Command Line Script Guide

nucular project page with download links

Command Line Script Guide

The following discussion talks through a sequence of command line examples which illustrate ways to interact with a nucular archive using the command line python scripts provided with the distribution. Please see the command line summaries for more detailed explanations of the scripts used here.

In the examples below the working directory is the scripts directory of the distribution and the PYTHONPATH environment variable is set so that from nucular.nucular import Nucular works.

Creating an archive

The command

% python nucularSite.py --reset ../testdata/ScriptExample

creates an empty archive at ../testdata/ScriptExample. Since --reset is specified any existing data in the directory will be deleted.
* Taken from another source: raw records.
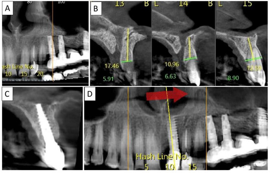 (A) Panoramic CBCT section shows bone loss around tooth 21. (B) Sagittal CBCT section of the area around tooth 21 shows extensive buccal bone loss. (C) A sagittal CBCT section shows the implant placed at site 21 with a restored cortical buccal plate. (D) Panoramic CBCT section shows bone formation around the implant in area 21.
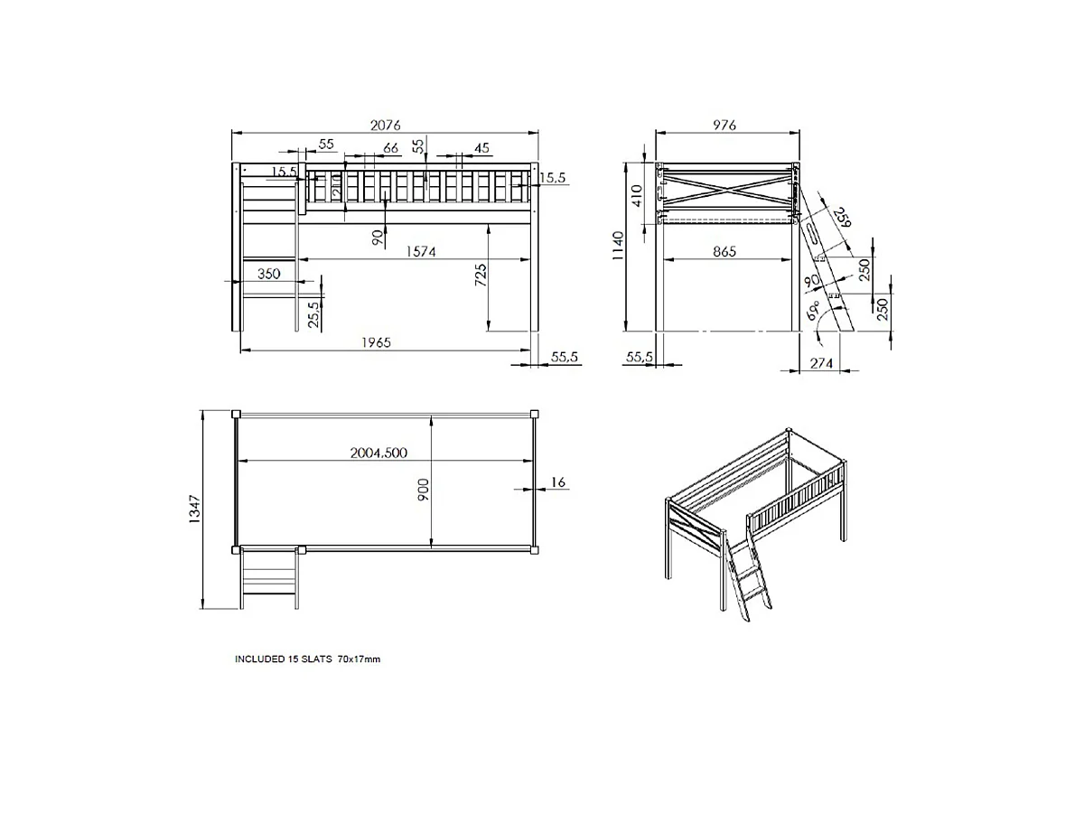 Lit Enfant Tente "Scott Space Shuttle" 90x200cm Blanc
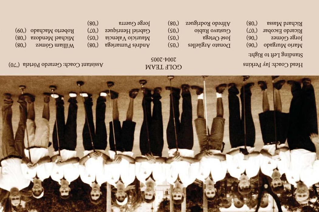 For the Athletics Section, I have to thank Carlos Barquín, Víctor Arrieta (‘95), and Mariano Loret de Mola (‘58), who helped with compiling the information and images necessary to bring about that section. Coach Barquín’s dedication to his department and Belen Jesuit athletes as well as Coach Arrieta’s record keeping and extensive photographic archive are not only commendable but ensured the success of the section. I am also thankful for the wonderful assistance provided by Coaches Rubén Marrero (‘75) and José Roca (‘84) for the Basketball subsection, Coach Jerr y Albert for the Baseball subsection, Coach Richard Stuart for the Football subsection, Coach Patrick Collins and Timothy VanScoy for the Tennis subsection, Coach María Elena Cartaya for the Golf subsection, Miriam Cambo-Mar-
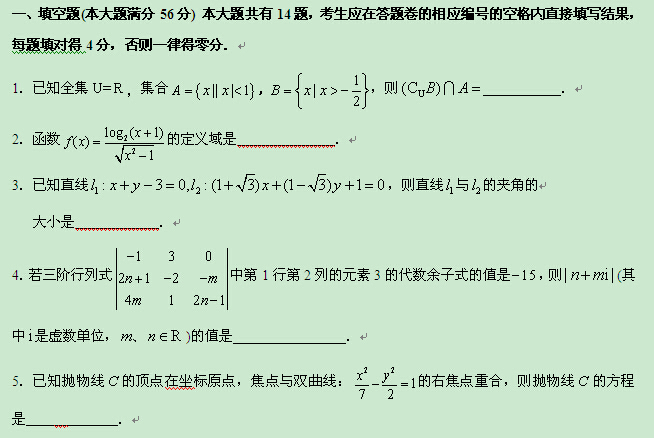 上海市黄浦区2015年一模数学试卷文理合卷(数学)
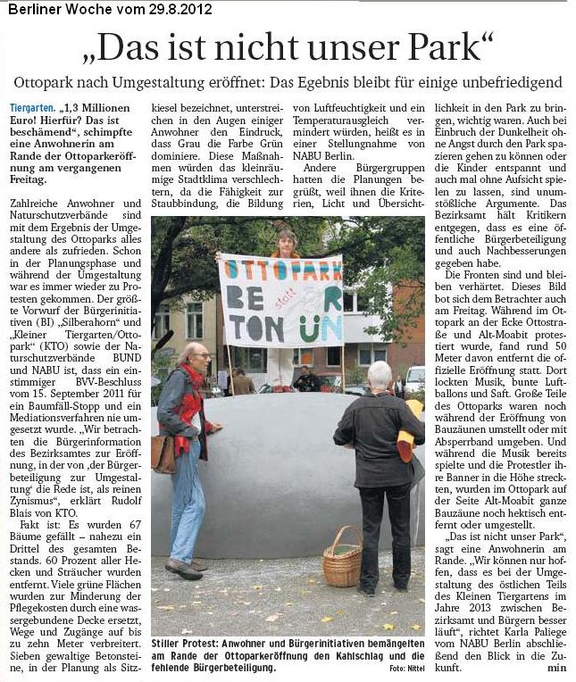 Ein kritischer Artikel vom Nabu Berlin am 24.8.2012, vom Landwehrkanal-Blog am 25.8., Berliner Woche vom 29.8., Berliner Abendblatt vom 1.9. und Berliner Morgenpost vom 28.8. (textgleich zur Berliner Woche).
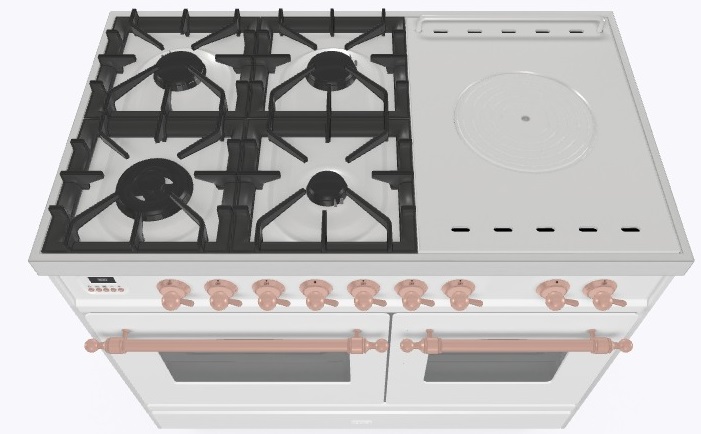 • Тип конфорок: 4 газовые конфорки, WOK конфорка, жарочная поверхность Coup de Feu

Loading some data with deferred visibility

The command

% python nucularLoad.py --xml ../data/docExamples0.xml ../testdata/ScriptExample

Loads some data from ../data/docExamples0.xml into the new archive. This is the content of ../data/docExamples0.xml

<entries>
<entry id="123FROG">
   <fld n="descr">little green slimy things</fld>
   <fld n="food">tastes delicious, like chicken</fld>
   <fld n="name">frog</fld>
</entry>
<entry id="456BUNNY">
   <fld n="descr">cute and cuddly</fld>
   <fld n="food">just delicious with garlic</fld>
   <fld n="name">bunny rabbit</fld>
</entry>
<entry id="789KITTEN">
   <fld n="descr">cute and cuddly</fld>
   <fld n="name">kitten</fld>
   <fld n="note">not edible</fld>
</entry>
<entry id="Joe Blow">
   <fld n="c">great at a grill</fld>
   <fld n="g">male</fld>
   <fld n="p">333-2222</fld>
</entry>
<entry id="Joe Smithers">
   <fld n="c">can't cook</fld>
   <fld n="g">male</fld>
   <fld n="p">111-3333</fld>
</entry>
<entry id="Lola Waller">
   <fld n="g">female</fld>
   <fld n="n">thinks snails are delicious</fld>
   <fld n="p">333-2222</fld>
</entry>
<entry id="Sally Smithers">
   <fld n="c">uses too much salt</fld>
   <fld n="g">female</fld>
   <fld n="p">111-3333</fld>
</entry>
<entry id="Sandy Waller">
   <fld n="c">delicious pizza</fld>
   <fld n="g">female</fld>
   <fld n="p">333-2222</fld>
</entry>
</entries>

Since we didn't specify --visible in the load command the data is not visible when we pose the following query:

% python nucularQuery.py --contains delicious  ../testdata/ScriptExample

The output of the query command gives

<!-- archive= ../testdata/ScriptExample
<query threaded="False">
   <contains p="delicious"/>
</query>
-->
<!-- result status= complete -->

<entries>
</entries>

<!--  0 entries in result set -->

The above output includes some verbose XML comments because the query command didn't specify --silent but there are no entries shown inside the top level entries tag.

Aggregating the data

Aggregating the archive will optimize the indexing structures and also make all deferred updates visible. We aggregate the archive using the command

% python nucularAggregate.py --silent ../testdata/ScriptExample/

After aggregation we pose the query again

% python nucularQuery.py --contains delicious  ../testdata/ScriptExample

And the query evaluation generates the output

<!-- archive= ../testdata/ScriptExample
<query threaded="False">
   <contains p="delicious"/>
</query>
-->
<!-- result status= complete -->

<entries>
   <entry id="123FROG">
      <fld n="descr">little green slimy things</fld>
      <fld n="food">tastes delicious, like chicken</fld>
      <fld n="name">frog</fld>
   </entry>
   <entry id="456BUNNY">
      <fld n="descr">cute and cuddly</fld>
      <fld n="food">just delicious with garlic</fld>
      <fld n="name">bunny rabbit</fld>
   </entry>
   <entry id="Lola Waller">
      <fld n="g">female</fld>
      <fld n="n">thinks snails are delicious</fld>
      <fld n="p">333-2222</fld>
   </entry>
   <entry id="Sandy Waller">
      <fld n="c">delicious pizza</fld>
      <fld n="g">female</fld>
      <fld n="p">333-2222</fld>
   </entry>
</entries>

<!--  4 entries in result set -->

Queries with multiple conditions

Queries may place many conditions on entries in the result. For example the following query looks for entries that both contain the word "cuddly" in a prefix of some word in some attribute and the word "delicious" as a prefix of some word in some attribute.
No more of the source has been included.